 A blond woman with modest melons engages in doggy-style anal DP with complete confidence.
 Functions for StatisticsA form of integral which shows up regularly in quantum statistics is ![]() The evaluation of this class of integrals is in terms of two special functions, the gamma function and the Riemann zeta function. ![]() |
==
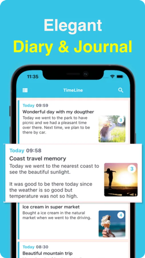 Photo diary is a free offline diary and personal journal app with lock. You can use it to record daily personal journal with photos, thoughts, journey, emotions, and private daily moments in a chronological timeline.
---
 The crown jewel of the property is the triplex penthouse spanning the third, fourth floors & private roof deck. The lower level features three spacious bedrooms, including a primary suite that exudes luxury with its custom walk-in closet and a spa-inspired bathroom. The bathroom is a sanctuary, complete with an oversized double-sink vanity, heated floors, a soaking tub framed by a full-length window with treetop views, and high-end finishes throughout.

» **Task goal**: Beginning with the line containing "A blond woman" and ending with the line containing "Functions for StatisticsA", extract those lines exactly from the listing above, and only those.

» **Response for this exercise**:
 A blond woman with modest melons engages in doggy-style anal DP with complete confidence.
 Functions for StatisticsA form of integral which shows up regularly in quantum statistics is ![]() The evaluation of this class of integrals is in terms of two special functions, the gamma function and the Riemann zeta function. ![]() |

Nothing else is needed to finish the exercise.